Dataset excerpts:
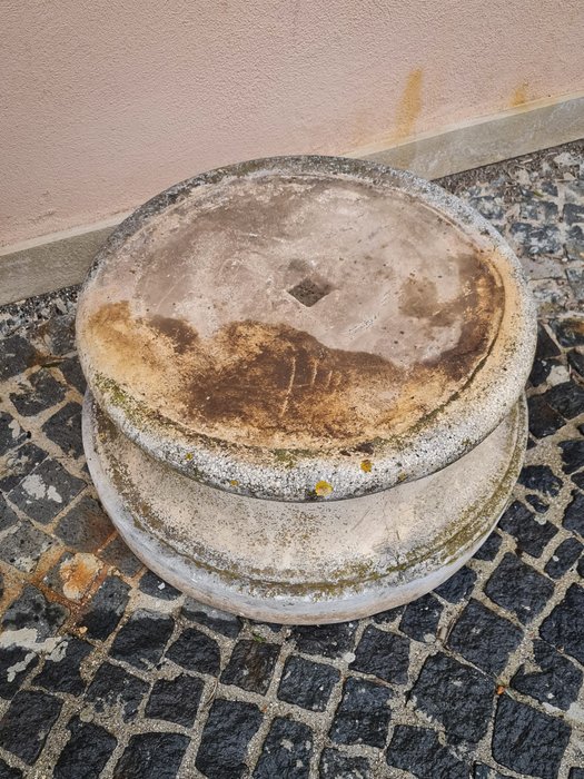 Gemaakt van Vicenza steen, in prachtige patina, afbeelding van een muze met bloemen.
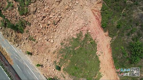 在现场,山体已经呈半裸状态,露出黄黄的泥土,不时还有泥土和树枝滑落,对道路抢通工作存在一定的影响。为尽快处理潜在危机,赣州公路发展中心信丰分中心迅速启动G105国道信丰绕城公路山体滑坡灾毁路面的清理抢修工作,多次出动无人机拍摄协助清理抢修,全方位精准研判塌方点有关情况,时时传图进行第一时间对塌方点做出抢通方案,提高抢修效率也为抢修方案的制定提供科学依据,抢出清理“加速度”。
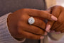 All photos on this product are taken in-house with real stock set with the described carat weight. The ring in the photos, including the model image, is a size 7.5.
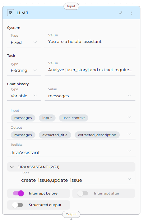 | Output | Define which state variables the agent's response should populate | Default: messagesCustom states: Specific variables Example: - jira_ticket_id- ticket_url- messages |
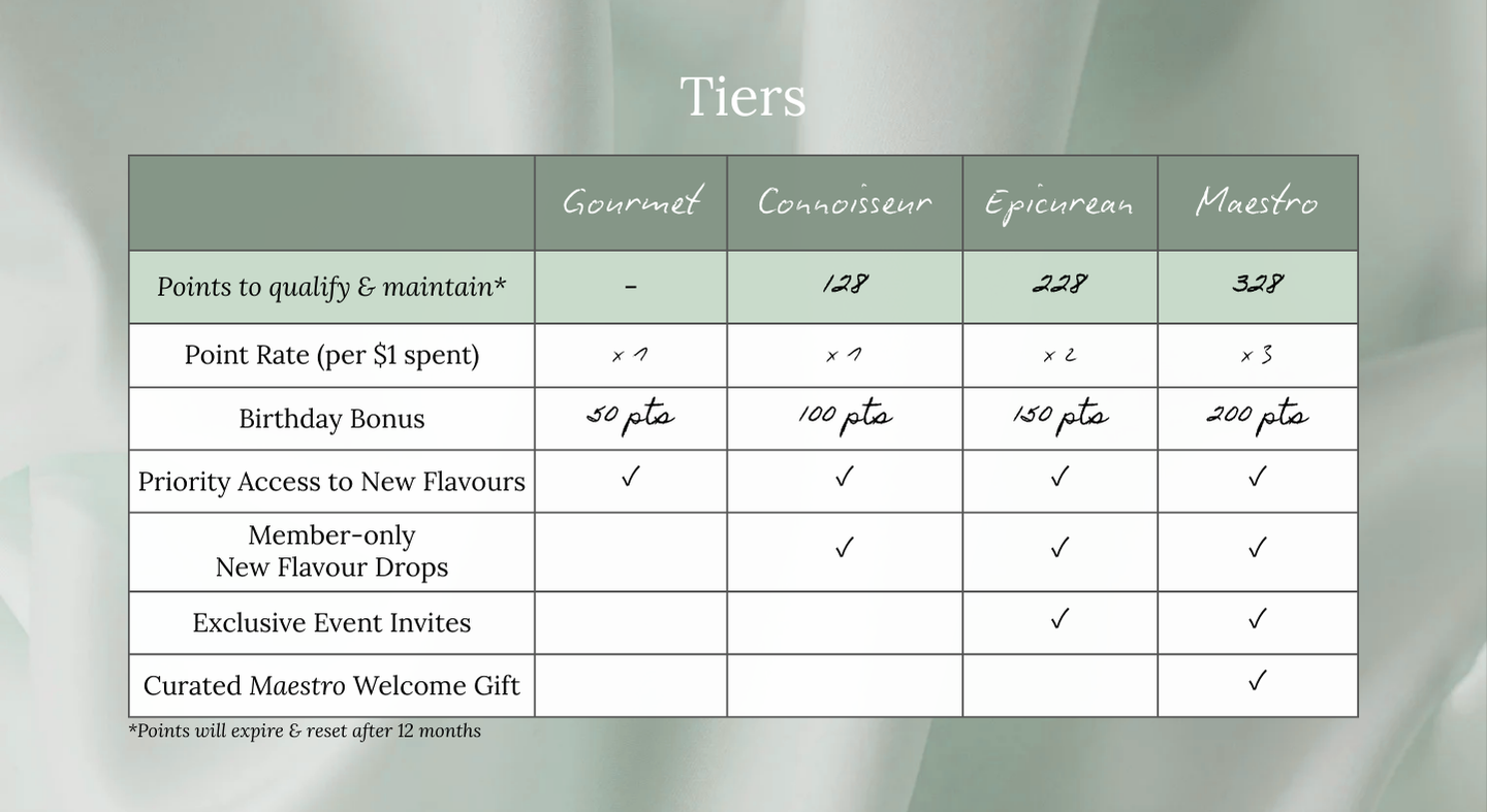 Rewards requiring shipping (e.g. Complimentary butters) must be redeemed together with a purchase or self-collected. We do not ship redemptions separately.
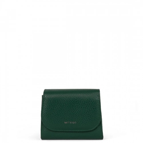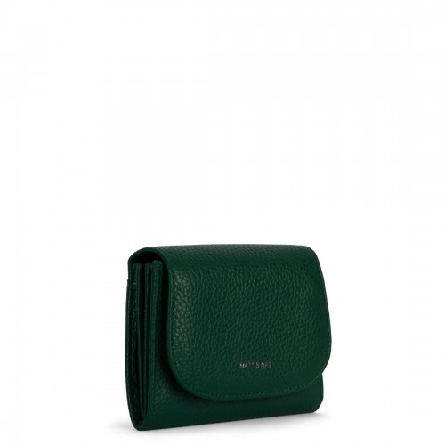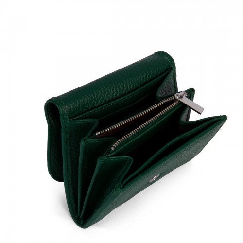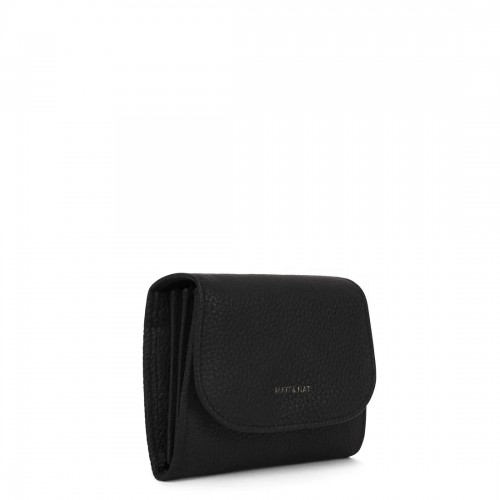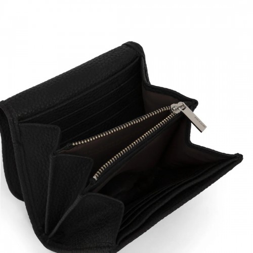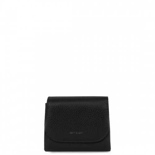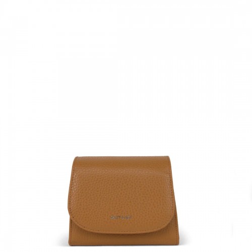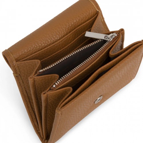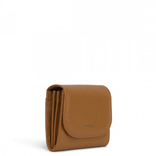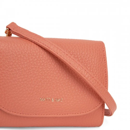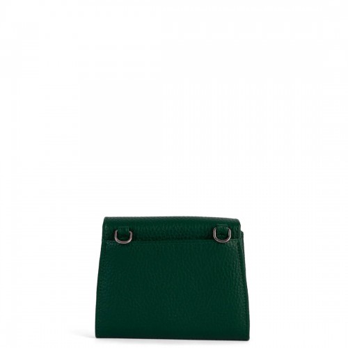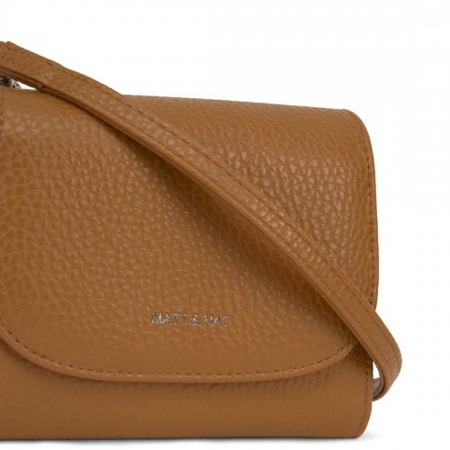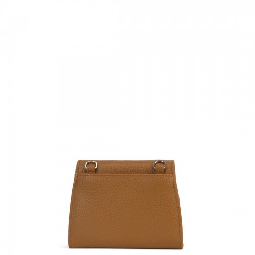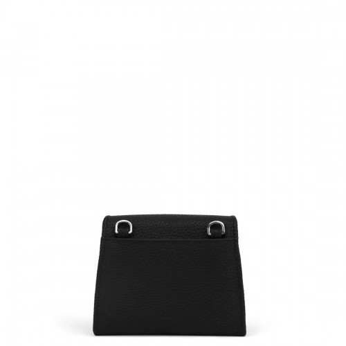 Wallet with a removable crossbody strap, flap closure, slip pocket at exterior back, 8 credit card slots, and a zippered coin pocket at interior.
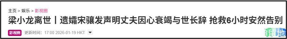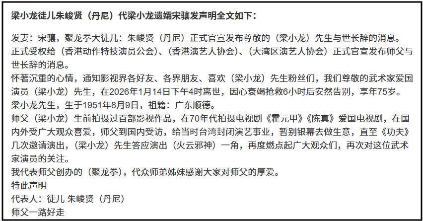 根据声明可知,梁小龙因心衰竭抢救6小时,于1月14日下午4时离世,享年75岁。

• WORK TO COMPLETE: For this exercise, reproduce exactly the lines of the records above from the one with "在现场,山体已经呈半裸状态,露出黄黄的泥" up to and including the one with "ticket_url- messages |", without pictures.

• RESPONSE BOX:
 在现场,山体已经呈半裸状态,露出黄黄的泥土,不时还有泥土和树枝滑落,对道路抢通工作存在一定的影响。为尽快处理潜在危机,赣州公路发展中心信丰分中心迅速启动G105国道信丰绕城公路山体滑坡灾毁路面的清理抢修工作,多次出动无人机拍摄协助清理抢修,全方位精准研判塌方点有关情况,时时传图进行第一时间对塌方点做出抢通方案,提高抢修效率也为抢修方案的制定提供科学依据,抢出清理“加速度”。
 All photos on this product are taken in-house with real stock set with the described carat weight. The ring in the photos, including the model image, is a size 7.5.
 | Output | Define which state variables the agent's response should populate | Default: messagesCustom states: Specific variables Example: - jira_ticket_id- ticket_url- messages |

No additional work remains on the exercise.